Whatever the genuine enthusiasm among the masses north and south for some kind of a rapprochement, we have to be sceptical about the big promises being made about a peace treaty, full denuclearisation of the peninsular, safety guarantee for North Korea, and so on. The fact of the matter is that Korea is not an independent actor in its own right - the north relies almost entirely China, whilst the south relies on Japan and the US. No surprise then that both China and the US will be intimately involved in these future talks, for good or for bad. Trump might be claiming now to be a peacemaker extraordinaire, but he is equally capable of delivering a devastating war to the peninsular if he decides that this would be in the interests of US imperialism - or perhaps those of Donald Trump himself. It is also worthwhile remembering that we have been here before - with the 2007 inter-Korean summit between Kim Jong-il and Roh Moo-hyun, where we heard many fine words about peace, denuclearisation, etc.

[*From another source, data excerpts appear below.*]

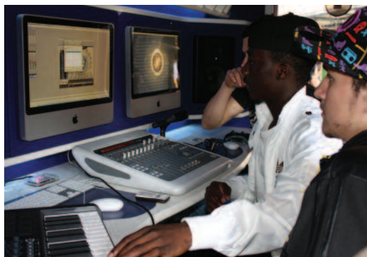
Young people at youth charities told the Working Group that family breakdown and drug addiction were key drivers of gang involvement

Worryingly, the Working Group was told by senior police officers and practitioners that gang members are getting younger and this appears evidenced in the declining age of gun crime offenders: 18 the rise of the young soldiers.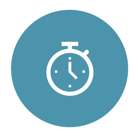
MAKING A CASE FOR CHANGE AND ACTION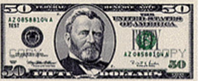
Ulysses S. Grant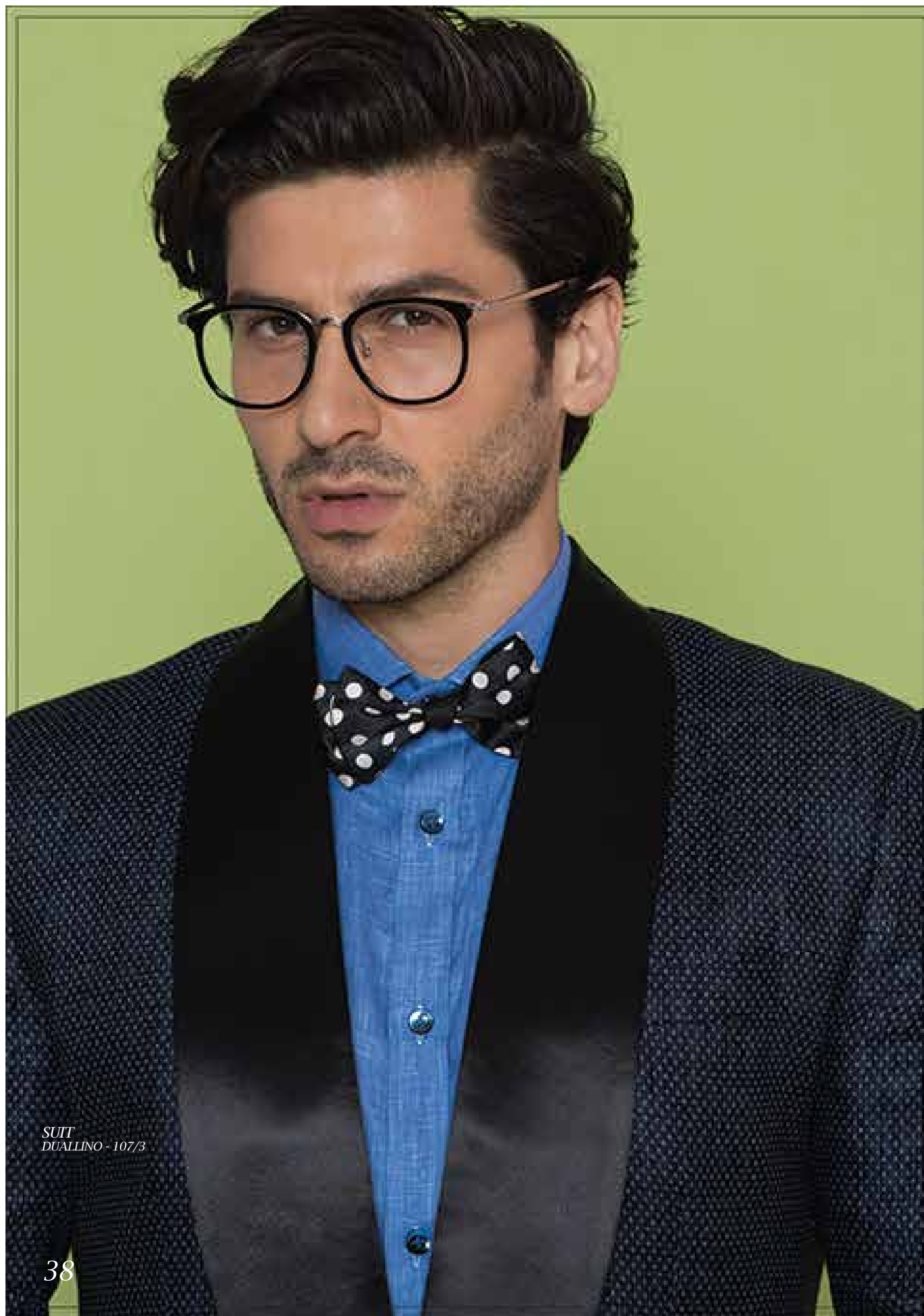
SUIT DUALLINO - 107/3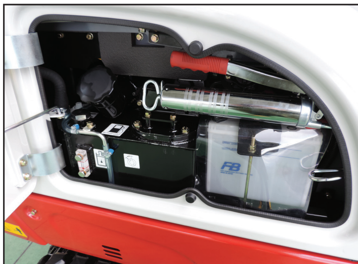
Convenient Service and Maintenance Access

*Functions may not be available in all countries, so please consult your Takeuchi dealer for details.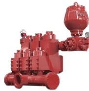
7500PSI Upgrade Kits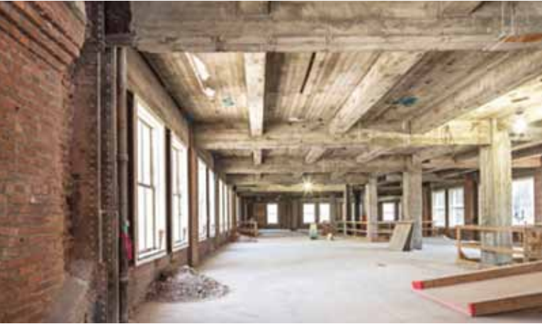
Figure 5. Typical interior floor after soft demolition.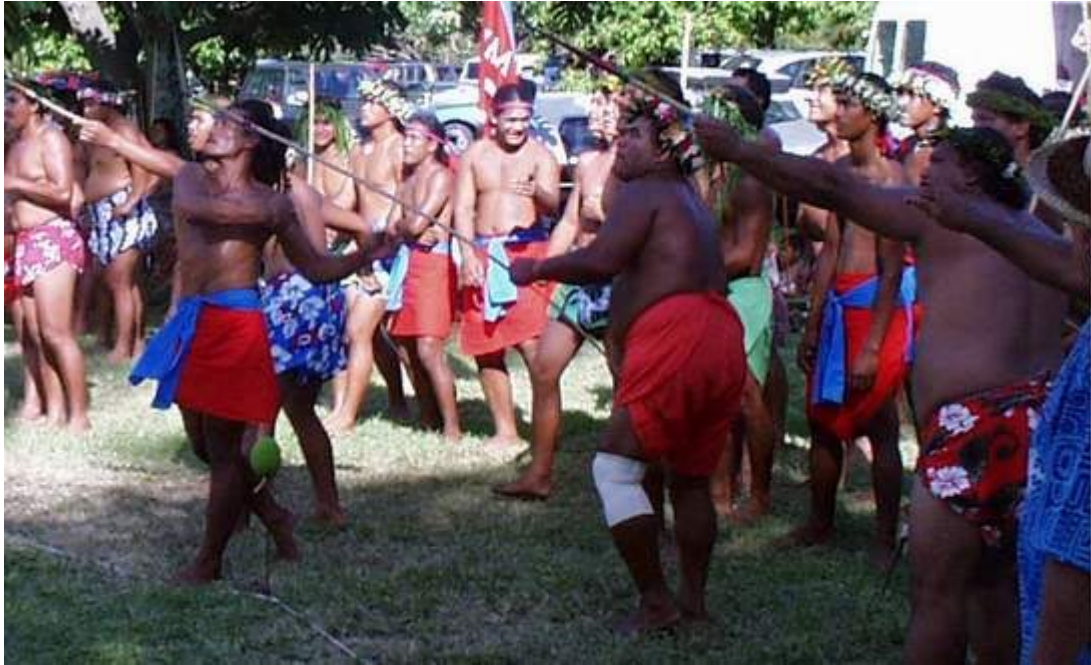
The technique required an underhand throw.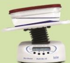
Multi Bio 3D, Mini Shaker

Applications: Agglutination Gel staining/ destaining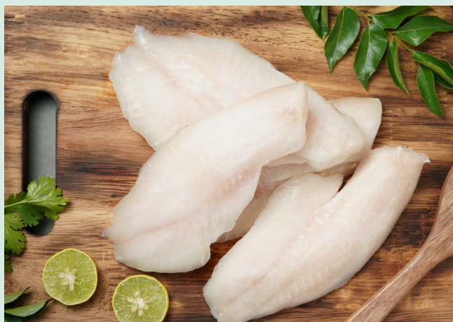
Tilapia fillet, IQF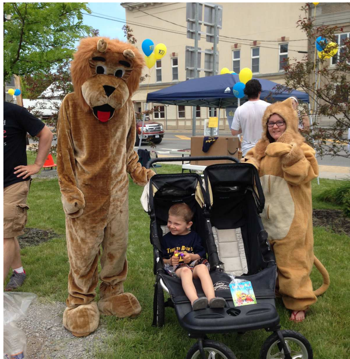
Lions mascots share in the celebration at Lions Time Square with our young supporter!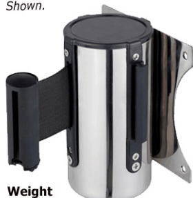
HWMPB: Wall Mounted Barrier (Black Belt) Shown.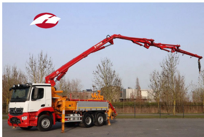
Mercedes-Benz Arocs 2546 6X2*4 | JUNJIN 25 METER | RE...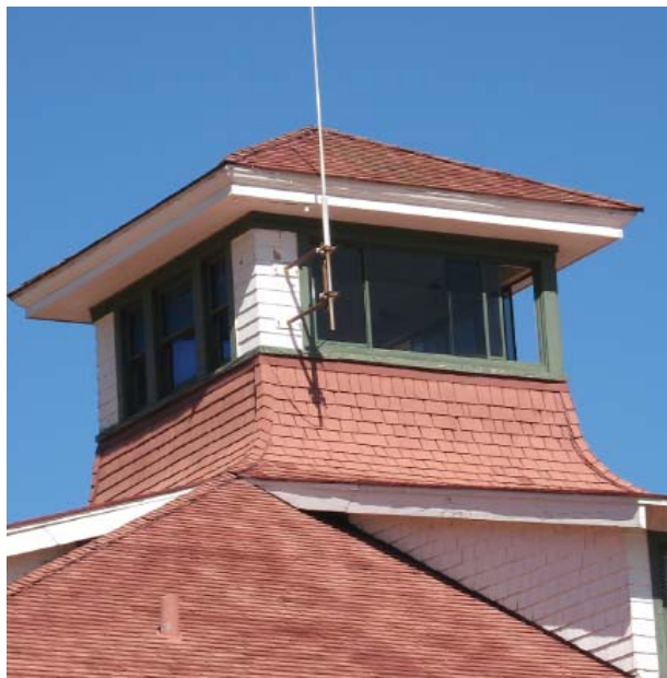
Fig. 53: Aluminum sliding window at the Main Boathouse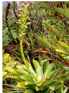
39 Guzmania BROMELIACEAE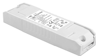
NOT DIMMABLE POWER SUPPLY Power supply DC 5-44V 700mA 30W max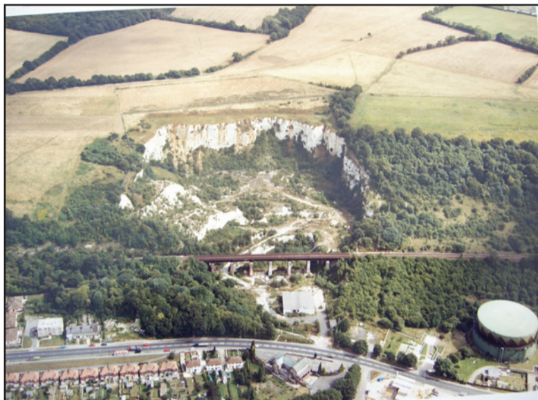
Riddlesdown Quarry.

wildlife. Although the quarry is closed to the public and surrounded with a high security fence, organised groups are given pre-arranged guided walks during the summer months by rangers to view flowers, birds, insects and butterflies. The success of this story is how an old industrial site has been colonised by wildlife, and has become an oasis of conservation amongst the hustle and bustle of the 21st century.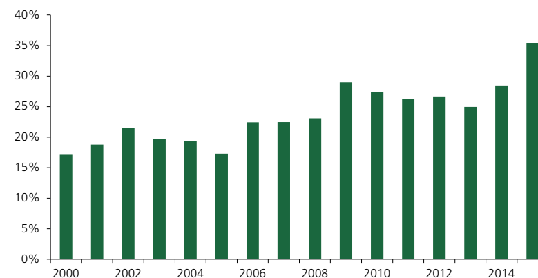
Appeals allowed, UK, 2000-2015 % of appeals determined

Source: Home Office, Immigration Statistics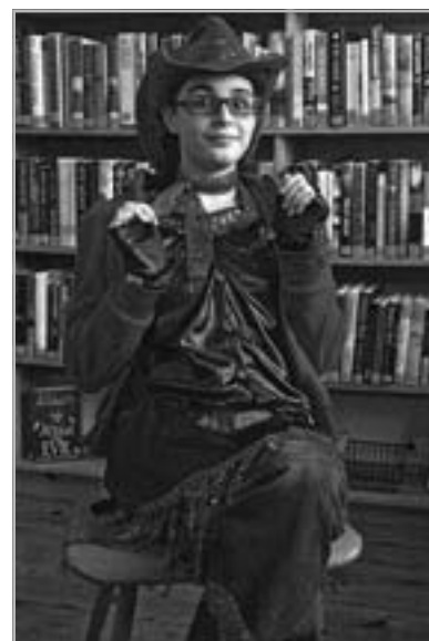
Ghouls, goblins, angels, cowgirls, skeletons, cider lovers, and ink drinkers at the Community Council Halloween Party!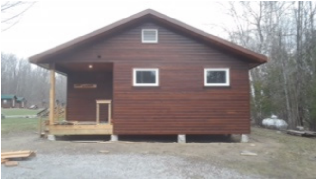
View Driving into Camp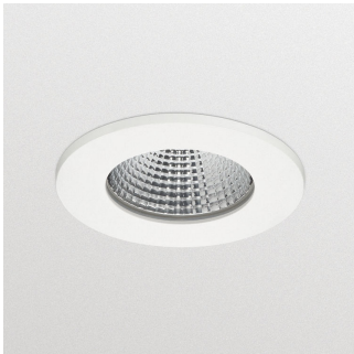
ClearAccent RS060B recessed spotlight, fixed version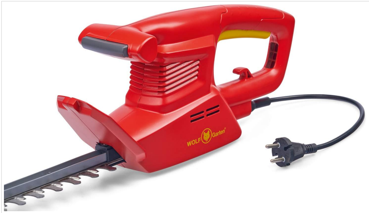
Image: Close-up view of the hedge trimmer's handles, showing the ergonomic design and the position of the safety switch and main trigger.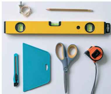
Tools for the job.

Hence, it is far too early to celebrate the outbreak of peace - what we want, of course, but whether we get it is a different matter. Clearly, at this moment in time, the mass of ordinary people are not the crucial actors in this process: everything so far is coming from above.

eddie.ford@weeklyworker.co.uk

Notes

1. https://en.wikipedia.org/wiki/Inter-Korean_Peace_House_and_Unification_pavilion.

2. The Guardian April 27.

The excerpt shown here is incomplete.